* [Problem description]
Look through the data below for the line with "하야부사 인기 모델 시그니처" and the line with "服務人員帶入座後大家記得可以", then transcribe exactly from the first through the second, leaving out all pictures.
======== Supplied data
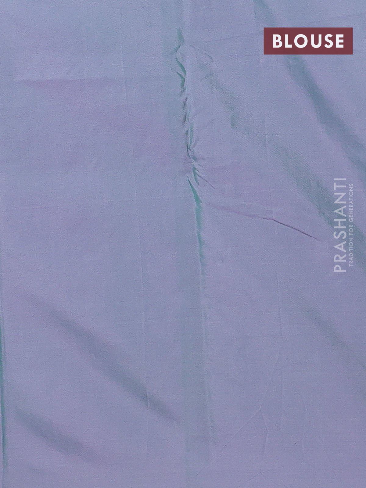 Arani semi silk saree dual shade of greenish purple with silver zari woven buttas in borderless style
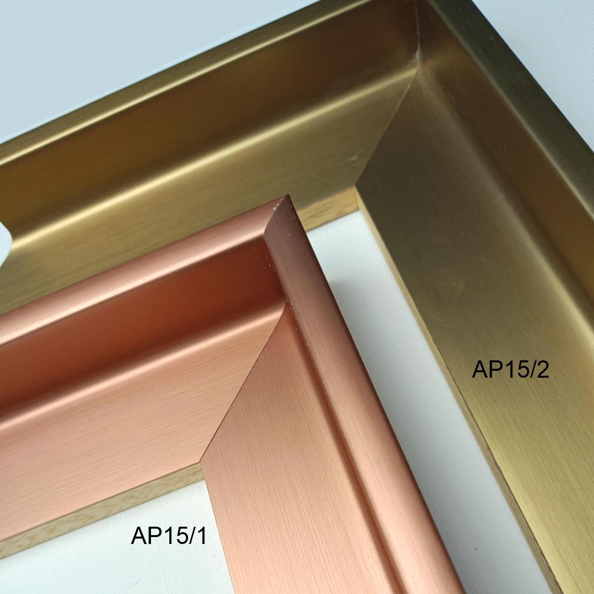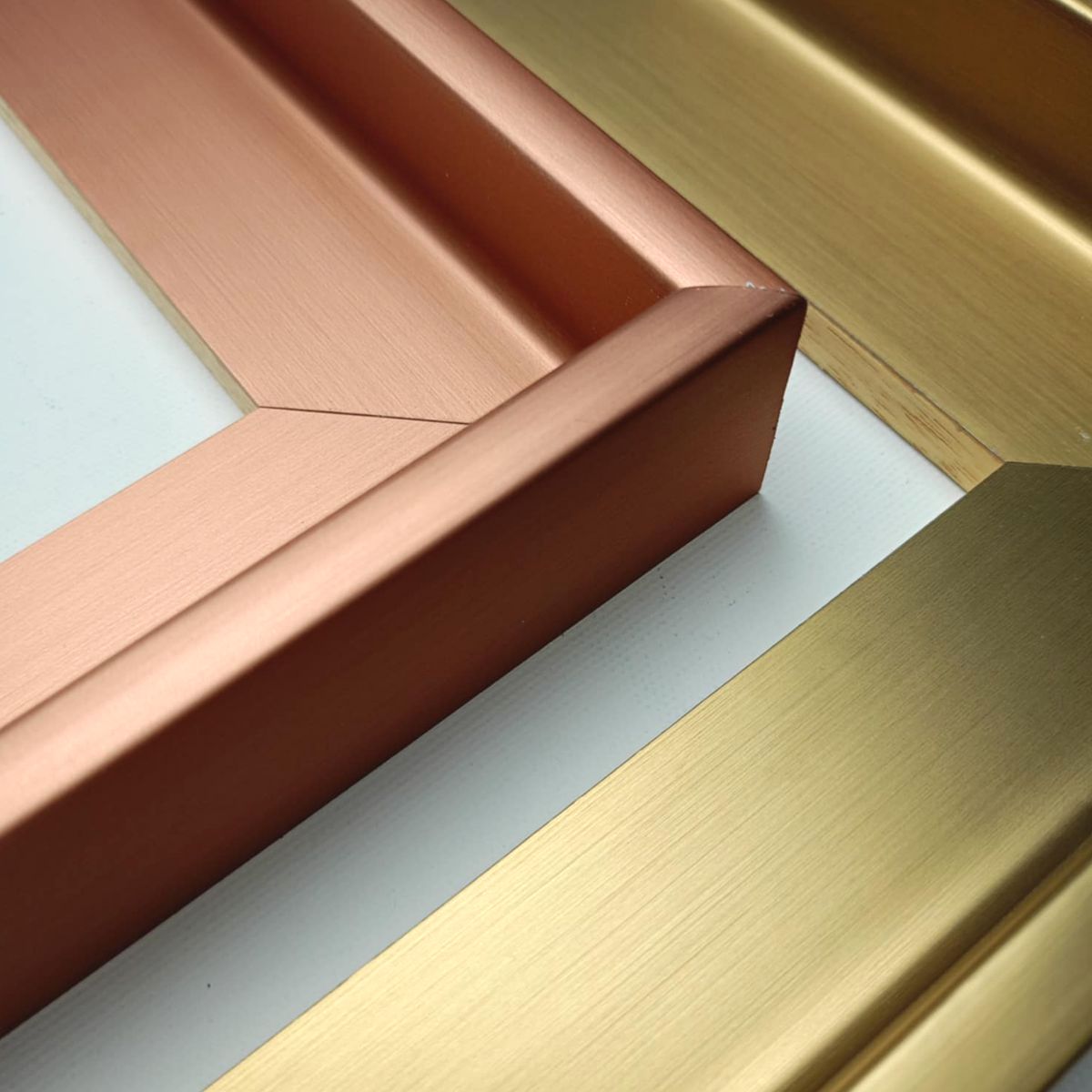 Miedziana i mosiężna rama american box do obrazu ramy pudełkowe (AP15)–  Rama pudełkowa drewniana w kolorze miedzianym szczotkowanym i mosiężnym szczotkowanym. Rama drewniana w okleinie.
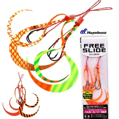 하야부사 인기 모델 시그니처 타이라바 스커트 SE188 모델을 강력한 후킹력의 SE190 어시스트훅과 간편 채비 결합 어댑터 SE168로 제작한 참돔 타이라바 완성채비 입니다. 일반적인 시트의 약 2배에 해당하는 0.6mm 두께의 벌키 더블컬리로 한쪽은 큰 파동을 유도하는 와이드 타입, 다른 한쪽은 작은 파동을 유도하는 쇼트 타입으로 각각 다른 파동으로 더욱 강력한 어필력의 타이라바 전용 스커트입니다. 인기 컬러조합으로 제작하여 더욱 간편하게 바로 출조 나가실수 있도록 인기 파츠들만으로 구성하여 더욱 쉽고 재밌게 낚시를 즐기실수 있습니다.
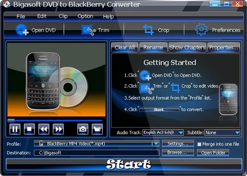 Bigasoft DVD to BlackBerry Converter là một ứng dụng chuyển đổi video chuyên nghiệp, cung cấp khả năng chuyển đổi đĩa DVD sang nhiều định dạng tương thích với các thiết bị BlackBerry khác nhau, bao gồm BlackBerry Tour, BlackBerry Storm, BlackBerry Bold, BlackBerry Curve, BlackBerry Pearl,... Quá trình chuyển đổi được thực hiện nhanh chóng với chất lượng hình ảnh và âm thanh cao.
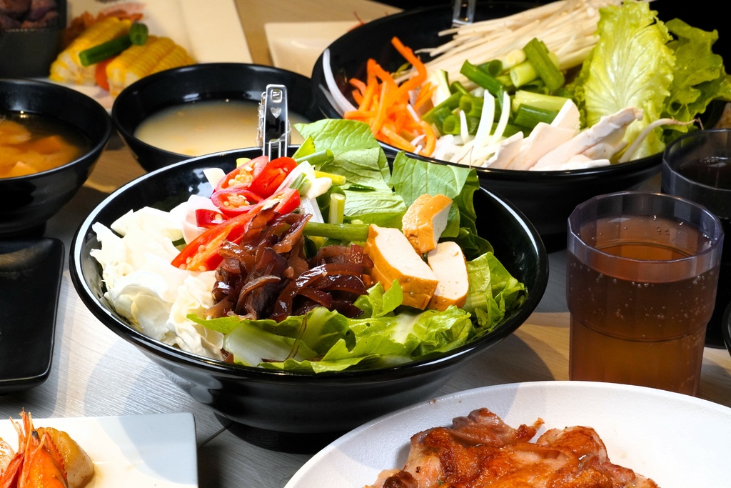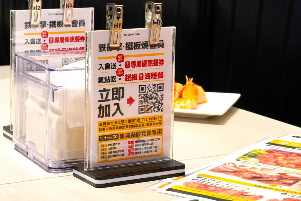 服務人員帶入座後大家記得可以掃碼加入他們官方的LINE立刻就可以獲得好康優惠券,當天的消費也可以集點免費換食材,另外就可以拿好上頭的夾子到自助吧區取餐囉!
================
======== Supplied data
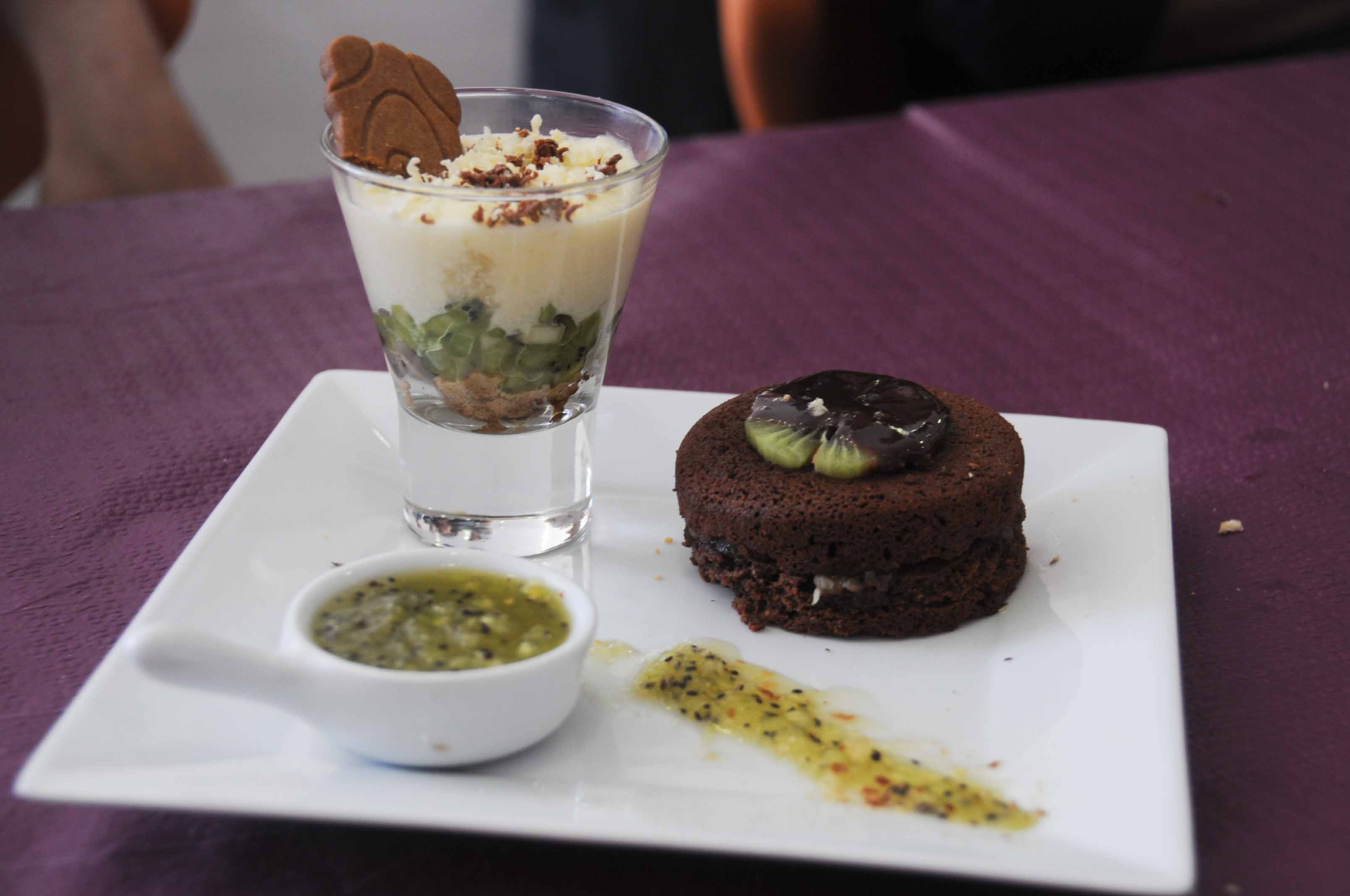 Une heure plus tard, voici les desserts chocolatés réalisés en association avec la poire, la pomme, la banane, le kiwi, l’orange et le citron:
================
* [Written response]
 하야부사 인기 모델 시그니처 타이라바 스커트 SE188 모델을 강력한 후킹력의 SE190 어시스트훅과 간편 채비 결합 어댑터 SE168로 제작한 참돔 타이라바 완성채비 입니다. 일반적인 시트의 약 2배에 해당하는 0.6mm 두께의 벌키 더블컬리로 한쪽은 큰 파동을 유도하는 와이드 타입, 다른 한쪽은 작은 파동을 유도하는 쇼트 타입으로 각각 다른 파동으로 더욱 강력한 어필력의 타이라바 전용 스커트입니다. 인기 컬러조합으로 제작하여 더욱 간편하게 바로 출조 나가실수 있도록 인기 파츠들만으로 구성하여 더욱 쉽고 재밌게 낚시를 즐기실수 있습니다.
 Bigasoft DVD to BlackBerry Converter là một ứng dụng chuyển đổi video chuyên nghiệp, cung cấp khả năng chuyển đổi đĩa DVD sang nhiều định dạng tương thích với các thiết bị BlackBerry khác nhau, bao gồm BlackBerry Tour, BlackBerry Storm, BlackBerry Bold, BlackBerry Curve, BlackBerry Pearl,... Quá trình chuyển đổi được thực hiện nhanh chóng với chất lượng hình ảnh và âm thanh cao.
 服務人員帶入座後大家記得可以掃碼加入他們官方的LINE立刻就可以獲得好康優惠券,當天的消費也可以集點免費換食材,另外就可以拿好上頭的夾子到自助吧區取餐囉!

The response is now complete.